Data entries
◆ ◆ ◆ ◆ ◆

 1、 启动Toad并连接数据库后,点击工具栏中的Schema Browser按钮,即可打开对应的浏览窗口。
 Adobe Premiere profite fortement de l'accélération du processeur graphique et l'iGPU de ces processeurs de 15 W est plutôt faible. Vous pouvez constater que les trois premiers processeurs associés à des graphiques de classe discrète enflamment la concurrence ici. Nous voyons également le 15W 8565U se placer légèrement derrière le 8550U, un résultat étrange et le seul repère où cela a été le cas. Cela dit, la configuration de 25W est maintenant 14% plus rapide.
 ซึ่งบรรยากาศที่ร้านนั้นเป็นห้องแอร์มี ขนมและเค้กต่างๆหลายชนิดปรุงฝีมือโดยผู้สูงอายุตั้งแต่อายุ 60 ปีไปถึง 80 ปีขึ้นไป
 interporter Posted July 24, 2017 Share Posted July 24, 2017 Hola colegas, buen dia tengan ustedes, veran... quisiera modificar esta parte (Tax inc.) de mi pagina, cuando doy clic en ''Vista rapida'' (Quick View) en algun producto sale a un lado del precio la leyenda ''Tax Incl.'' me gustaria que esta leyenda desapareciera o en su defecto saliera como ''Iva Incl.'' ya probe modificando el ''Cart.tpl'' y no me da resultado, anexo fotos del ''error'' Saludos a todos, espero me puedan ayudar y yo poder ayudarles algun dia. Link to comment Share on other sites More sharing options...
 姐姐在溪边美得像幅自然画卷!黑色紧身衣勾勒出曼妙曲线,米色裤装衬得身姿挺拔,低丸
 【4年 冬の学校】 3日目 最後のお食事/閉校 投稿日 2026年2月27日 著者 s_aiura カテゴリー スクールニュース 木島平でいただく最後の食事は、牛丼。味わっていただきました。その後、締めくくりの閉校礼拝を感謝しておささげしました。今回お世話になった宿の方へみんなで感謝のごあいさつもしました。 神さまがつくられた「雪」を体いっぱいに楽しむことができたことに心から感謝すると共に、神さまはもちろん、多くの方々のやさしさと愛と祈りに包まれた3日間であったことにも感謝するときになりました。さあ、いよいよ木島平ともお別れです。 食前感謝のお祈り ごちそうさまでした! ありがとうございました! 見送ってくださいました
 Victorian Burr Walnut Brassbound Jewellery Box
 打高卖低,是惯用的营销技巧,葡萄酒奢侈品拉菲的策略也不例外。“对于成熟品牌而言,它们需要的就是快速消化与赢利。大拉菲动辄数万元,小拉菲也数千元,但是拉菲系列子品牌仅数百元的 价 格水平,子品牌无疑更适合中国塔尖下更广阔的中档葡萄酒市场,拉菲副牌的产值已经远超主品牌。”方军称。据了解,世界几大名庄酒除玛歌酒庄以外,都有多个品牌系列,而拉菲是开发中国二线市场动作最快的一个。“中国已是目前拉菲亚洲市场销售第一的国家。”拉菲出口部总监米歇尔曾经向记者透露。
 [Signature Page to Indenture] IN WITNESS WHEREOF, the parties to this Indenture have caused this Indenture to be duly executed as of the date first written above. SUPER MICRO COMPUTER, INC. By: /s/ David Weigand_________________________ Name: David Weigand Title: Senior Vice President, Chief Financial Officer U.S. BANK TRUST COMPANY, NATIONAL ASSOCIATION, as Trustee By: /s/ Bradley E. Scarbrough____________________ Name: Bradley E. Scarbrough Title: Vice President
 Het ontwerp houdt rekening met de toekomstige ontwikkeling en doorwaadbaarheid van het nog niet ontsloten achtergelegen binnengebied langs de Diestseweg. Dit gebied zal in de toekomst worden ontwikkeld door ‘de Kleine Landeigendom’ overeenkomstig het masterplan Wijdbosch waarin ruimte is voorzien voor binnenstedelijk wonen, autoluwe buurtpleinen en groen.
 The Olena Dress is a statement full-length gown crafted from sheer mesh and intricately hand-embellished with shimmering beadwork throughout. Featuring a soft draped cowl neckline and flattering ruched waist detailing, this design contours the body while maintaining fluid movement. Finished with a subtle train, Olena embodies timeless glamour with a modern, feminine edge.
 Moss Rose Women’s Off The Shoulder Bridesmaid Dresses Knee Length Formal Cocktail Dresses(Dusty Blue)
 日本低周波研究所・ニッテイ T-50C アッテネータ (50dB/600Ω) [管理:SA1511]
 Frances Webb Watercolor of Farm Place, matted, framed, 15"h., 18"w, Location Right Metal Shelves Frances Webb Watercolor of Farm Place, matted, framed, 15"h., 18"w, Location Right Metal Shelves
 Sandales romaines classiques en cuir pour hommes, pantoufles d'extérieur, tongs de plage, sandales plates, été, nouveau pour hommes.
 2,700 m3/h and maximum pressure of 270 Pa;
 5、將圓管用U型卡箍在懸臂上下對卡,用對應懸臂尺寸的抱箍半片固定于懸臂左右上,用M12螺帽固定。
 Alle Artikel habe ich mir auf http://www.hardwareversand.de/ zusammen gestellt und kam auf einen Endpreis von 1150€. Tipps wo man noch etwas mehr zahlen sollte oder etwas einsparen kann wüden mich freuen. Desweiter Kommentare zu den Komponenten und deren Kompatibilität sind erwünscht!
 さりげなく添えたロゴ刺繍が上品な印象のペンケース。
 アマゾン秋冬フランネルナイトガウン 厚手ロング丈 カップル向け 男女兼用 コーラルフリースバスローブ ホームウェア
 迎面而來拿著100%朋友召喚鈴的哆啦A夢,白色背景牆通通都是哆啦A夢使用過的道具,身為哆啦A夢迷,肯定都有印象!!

◆ ◆ ◆ ◆ ◆

• _WORK ORDER_: Produce only the lines from the line containing "Adobe Premiere profite" through the line containing "姐姐在溪边美得像幅自然画卷!", inclusive of both, exactly as they stand in the entries above.

• _TASK RESULT_:
 Adobe Premiere profite fortement de l'accélération du processeur graphique et l'iGPU de ces processeurs de 15 W est plutôt faible. Vous pouvez constater que les trois premiers processeurs associés à des graphiques de classe discrète enflamment la concurrence ici. Nous voyons également le 15W 8565U se placer légèrement derrière le 8550U, un résultat étrange et le seul repère où cela a été le cas. Cela dit, la configuration de 25W est maintenant 14% plus rapide.
 ซึ่งบรรยากาศที่ร้านนั้นเป็นห้องแอร์มี ขนมและเค้กต่างๆหลายชนิดปรุงฝีมือโดยผู้สูงอายุตั้งแต่อายุ 60 ปีไปถึง 80 ปีขึ้นไป
 interporter Posted July 24, 2017 Share Posted July 24, 2017 Hola colegas, buen dia tengan ustedes, veran... quisiera modificar esta parte (Tax inc.) de mi pagina, cuando doy clic en ''Vista rapida'' (Quick View) en algun producto sale a un lado del precio la leyenda ''Tax Incl.'' me gustaria que esta leyenda desapareciera o en su defecto saliera como ''Iva Incl.'' ya probe modificando el ''Cart.tpl'' y no me da resultado, anexo fotos del ''error'' Saludos a todos, espero me puedan ayudar y yo poder ayudarles algun dia. Link to comment Share on other sites More sharing options...
 姐姐在溪边美得像幅自然画卷!黑色紧身衣勾勒出曼妙曲线,米色裤装衬得身姿挺拔,低丸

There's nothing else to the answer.